Competing Site Forms Ragtag Army Attacks SatireWorld!

by on 29/09/11 at 6:57 am

Crack Rump Ranger forces from the spoofy-goofy 69+1 Battalion turned and ran in horror when confronted with real humor at the SatireWorld gates. Claimed one grime-streaked miscreant, "I guess I should go home write another Cheryl Cole chapter for Dorky Review so my rump ranger buddies can tell me how great it is. It will make our defeat easily to digest. Gees! I hope I don't get banned for failure!"

London, England – (

Scores of drunken and mainly over-the-hill Englishmen launched an unprovoked attack against SatireWorld early this morning. Casualties were reported to be heavy on the English side as patriotic SW defenders threw projectiles made from ‘Dorky Books’ back in defense of their territory. When asked to explain what that particular book was, a defender said, “Well, it’s just another self-published ‘dorky book. What can I say.”‘

Dressed in the latest of English men’s wear which consisted mainly of a women’s black abaya, sandals, crotchless pantalloons, and a copy of the Parliment approved Koran (English version) for guidance, human waves of attackers swarmed the SatireWorld gates shouting from beer swilled throats …’Holy Allah Mark is Great and so are we!’ They were promptly hit with a barrage of ‘Dorky Review’ books aimed by skilled marksmen posted on nearby hilltops before they could chant ‘we give up.’ They were last seen as they ran for cover to the nearby Dunkirk water reservoir.

Opposing force leader, General Churchmouse, vowed to return, this time with with their women, who many claim have more balls then their Englishmen husbands. In fact, a recent survey performed by Hot Stud Magazine, English women preferred the bunga-bunga with American chaps over their intoxicated, dorky-reading spouses.

Though defeated,the ragtag army headed home, stopping at a local pub where the resident pub monkey danced around on tables while wearing his trade-mark pork pie hat begging for quarters and scraps of stiltson cheeze…But as they say, it wasn’t in a gay way!

Reports of mass banning in Lancaster were reported as an angry and confused Spoof editor searched his government mandated Politically Correct & Diversity Manual for an aporopriate way of saying ‘slag off’ with out hurting anyone’s feelings.

In lieu of a rasping defeat, General Churchmouse, and Her Majesty’s grenadier and resident Muchkin Ollie Peter, placed phone calls to ex-Prime Minister Margaret Thatcher looking for help in defeating their newly found adversary. Thatcher replied that Britain’s last two ships were in dry dock having their sails mended, and would be of little help in offering a quick victory.

Fortunetely, General Churchmouse had an ample supply of French white flags,several cases of cheap Hungarian wines, and a few copies of slightly damaged Dorking Review’s to sooth ruffled feathers and to allow ample back slapping.

10 Responses to “Competing Site Forms Ragtag Army Attacks SatireWorld!”

  1. Colonel Stuart Peter Pinxit

    Sep 29th, 2011

    Oh dear, why are the Brits getting so upset?
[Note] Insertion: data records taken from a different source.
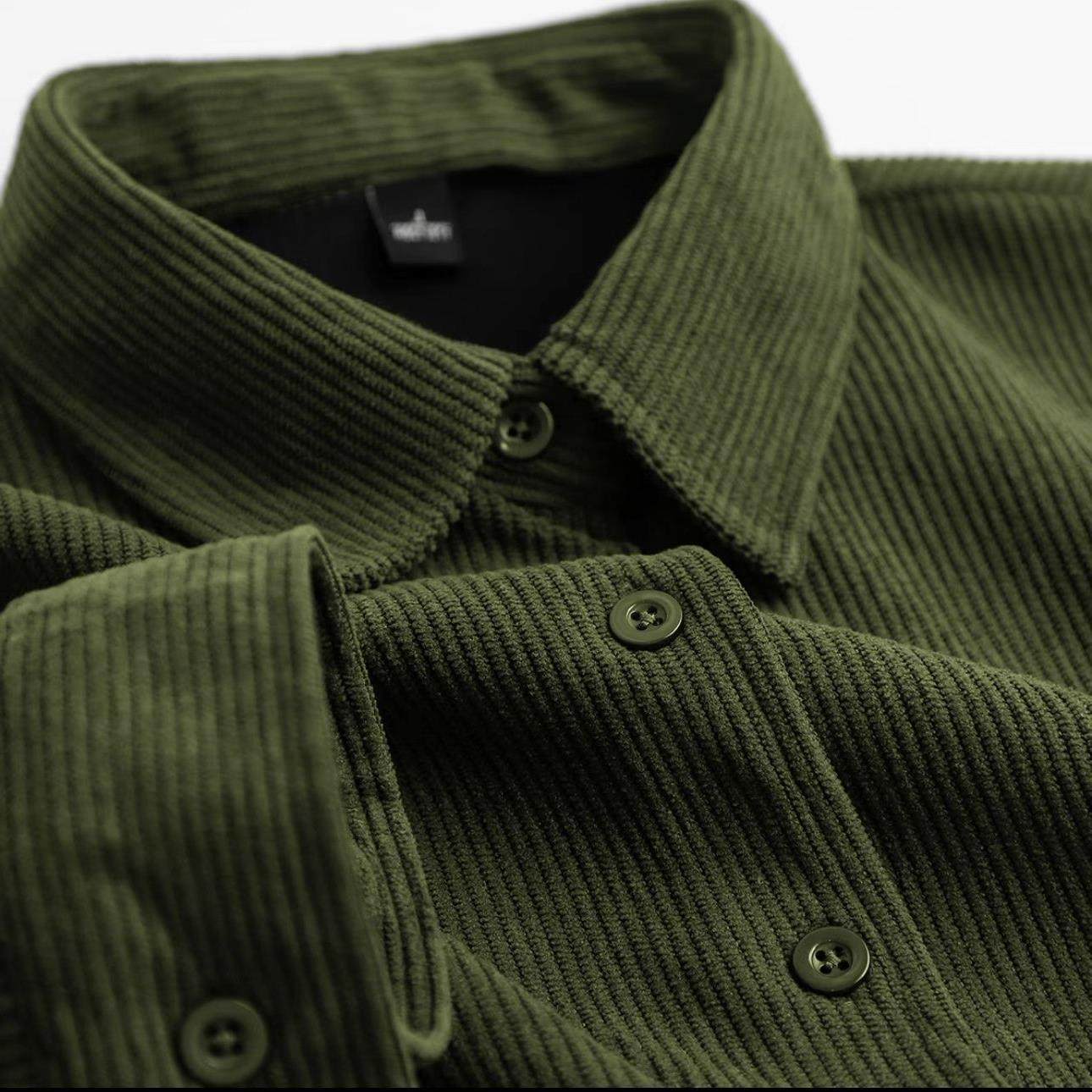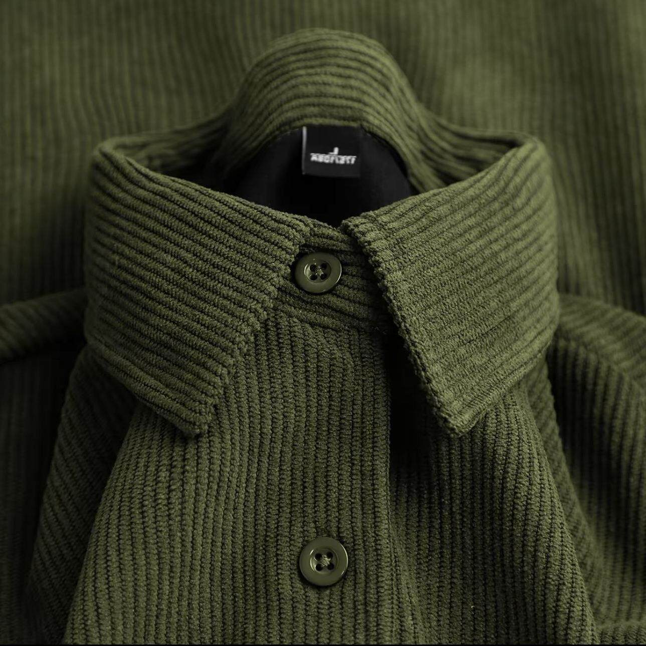 气质复古绿色灯芯绒衬衫女法式叠穿内搭条纹衬衣外套宽松长袖上衣
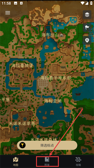 5、如果你不清楚塞尔达各种资源的话,可以点击图鉴,进行搜索查询,非常方便
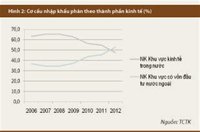 Lập luận trên càng được củng cố khi chúng ta phân tích cơ cấu xuất nhập khẩu của FDI so với phần còn lại trong nước. Hình 1 cho thấy, kể từ năm 2009, xuất khẩu của FDI đã tăng tốc và chiếm thị phần áp đảo so với kinh tế trong nước. Thế nhưng, hình 3 cho chúng ta thấy thị phần nhập khẩu từ nhóm FDI cũng gia tăng theo chiều hướng và mức độ ngày càng cao hơn.
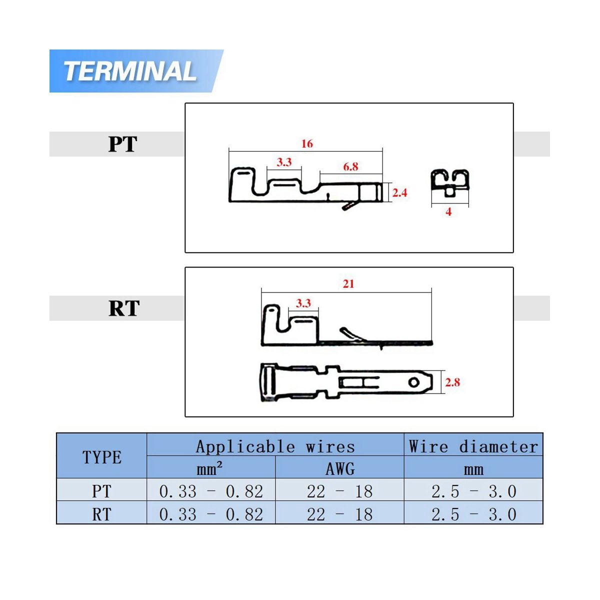 Terminal width 28 mm
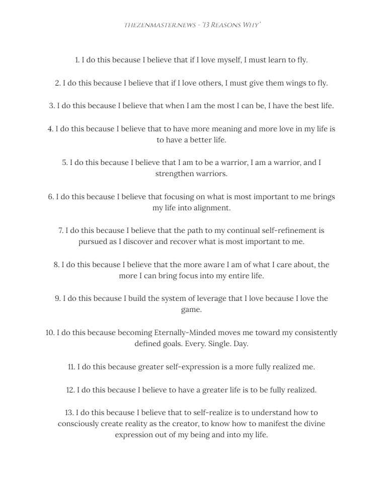 This was the 13 Reasons I selected in its earliest published format, alongside 20 reasons and a more extensive reason list I would work with later.
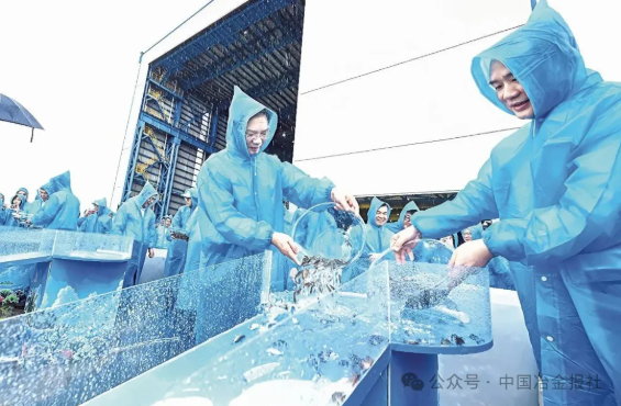 2025年8月15日,是第三個全國生態日,一場致力於改善海洋生態環境的增殖放流暨中華白海豚保護宣傳活動在中國寶武寶鋼股份湛江鋼鐵舉行(如圖)。在湛江鋼鐵全天候碼頭,隨著魚苗傾瀉而下,30萬尾黑鯛、紅笛鯛如同激起海麵波紋的雨點,一群接著一群躍動著奔入蔚藍的大海。更遠處,392萬尾斑節對蝦苗也在同時放流回歸深海。 (鍾利紅/文 施琮/攝)

I see their top and best writer is…American. I suggest that this writer attracts readers to the site, not the strange English men, the sad little men feed of this REAL writer´s success – like parasites.

    How ironic really, if he left and took his storys away the spoof would be nothing, once again the USA bailing out our poorer and badly dentured cousins.

  2. Bargis

    Sep 29th, 2011

    Yes, and that American has one other thing over those lads besides topping the charts for almost two years…He’s an honorable gentleman.

  3. Lady Godiva

    Sep 29th, 2011

    Very well said! I agree 100%

  4. Colonel Stuart Peter Pinxit

    Sep 29th, 2011

    Because I know they are watching………

    Now, have you heard about the snivelling little dyslexic (or illiterate) antique seller from Sussex, who has aunties for scale and is now being guided by professional spoof writers to help him overcome his poor smelling and mad English?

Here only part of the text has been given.